Oil is another outlier for this topic. Use it! Don’t expect tenderizing effects from it though. It is an incredible agent to carry flavor and will help with the cooking processes of your dish. Since marinades do not typically penetrate deep below the surface, you can also enhance the flavors and textures with an injector. Generally this is better done nearer to the time you will begin the cooking process.
Citric acids, vinegar, tea, buttermilk and even wine will help you get a more tender product, although there are some who disagree with this statement. Yes, marinating is inherently a method to transfer flavor, and it really does. But in the short term, two hours or so, these agents will help to relax the proteins in the meat giving you a more tender result. After a couple hours the effects will start to reverse however, and the meat will begin getting tough again.
The quandary is that marinates do not penetrate very deeply into the meat because meat is already mostly water, and the same collagens and tissues that make it tough are resistant to absorption.

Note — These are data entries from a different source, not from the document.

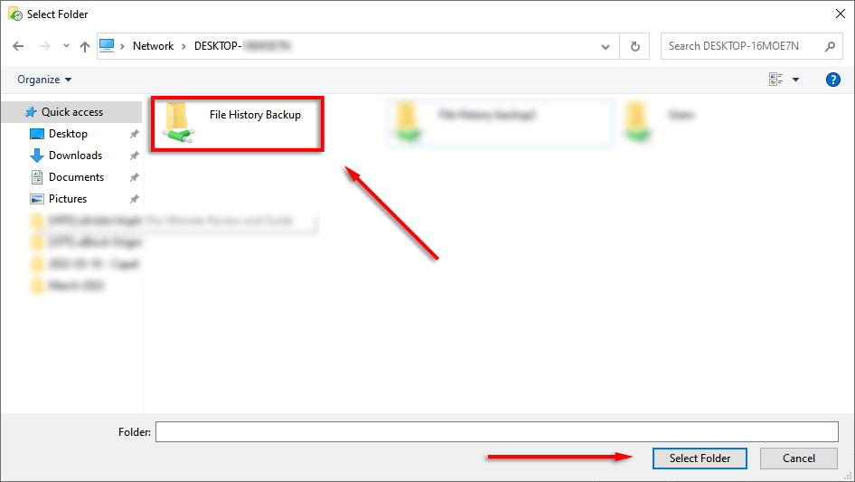 - Highlight the File History Backup folder and click **Select Folder**.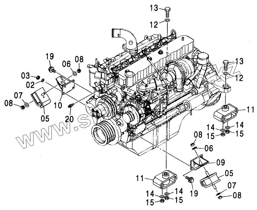 Каталог запасных частей к технике: Hitachi ZX-230. ENGINE SUPPORT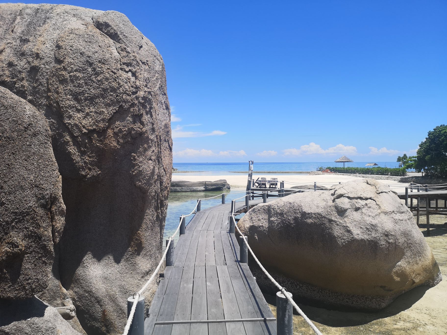 Jansom Bay est une plage privée appartenant à un hôtel de luxe. En temps normal, 6 € sont demandés aux visiteurs pour pouvoir profiter de la baignade, entourés de gros rochers aux formes arrondies à l’ombre des cocotiers. Certaines villas avec piscine privée peuvent atteindre les 1 500 € la nuit. Par chance, nous rentrons gratuitement après avoir sillonné un petit sentier ombragé et bien agréable longeant le littoral.

That is why needling or shallow slicing will enhance the effects of a marinade. They create more surface area to be exposed to the fluid for more tenderizing effect and better flavors.

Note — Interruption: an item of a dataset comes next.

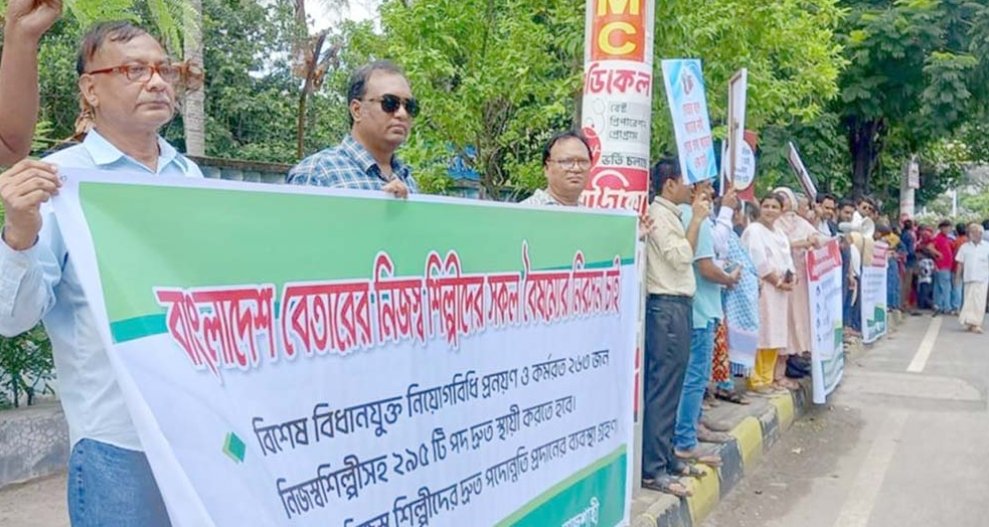 রাজশাহীতে বেতার কর্মকর্তা-কর্মচারি ও কলাকৌশলীদের মানববন্ধন

This is more controversial as a tenderizing adjunct. There is a large school of thought that you should denature, or cook off the alcohol. There are others who swear by wine which brings tannins and citric acid along with the alcohol to help in the tenderizing process.
Beer is another beverage that imparts fun flavor, and it straddles the fence of including alcohol as well as enzymes that will help with tenderization. High alcohol beverages, whiskey and such, can be too strong to be helpful. High alcohol concentration will make things tougher, so be sure to dilute down to 15% or less with your other liquid ingredients.
Pineapple is perhaps the best know meat eating fruit or vegetable. Given enough time the high content of a protease enzyme called bromelain will literally digest the meat as it sits in contact. Papaya, kiwi fruit and mango are also good source fruits for the enzymes that will help tenderize your meats. You want to use them judiciously and for controlled times and temperatures.
More than any other chemical adjunct, enzymes are much more active with higher temperature. They are most effective around 120-150 degrees Fahrenheit. Obviously not a viable marinating temperature. Marinating with these enzymatic components will allow them to adhere and slightly penetrate the meat, then they will become active when you start cooking. A great example is classic pork Al Pastor, where tough pork cuts are sliced and layered with pineapple on a vertical spit for the cooking process.
Cook And Serve
These tenderizing techniques will prepare meat for a variety of cooking techniques. Anticipating your cooking process may dictate the best direction to take in your preparation steps. For example, slices of meat that have been marinated are great to throw on a hot grill because the sugars in the marinade will also caramelize for a nice exterior layer. Searing small cubes in a wok or skillet is another way to enjoy properly prepared meats.
Pan frying thinly pounded meats is a technique throughout a multitude of dishes to prepare. Conversely, needling from both sides of a piece of meat to be roasted can prepare cuts almost three inches thick for tasty tender results. Lastly, diligent knife work has a role to play in both pre and post cooking of the meat.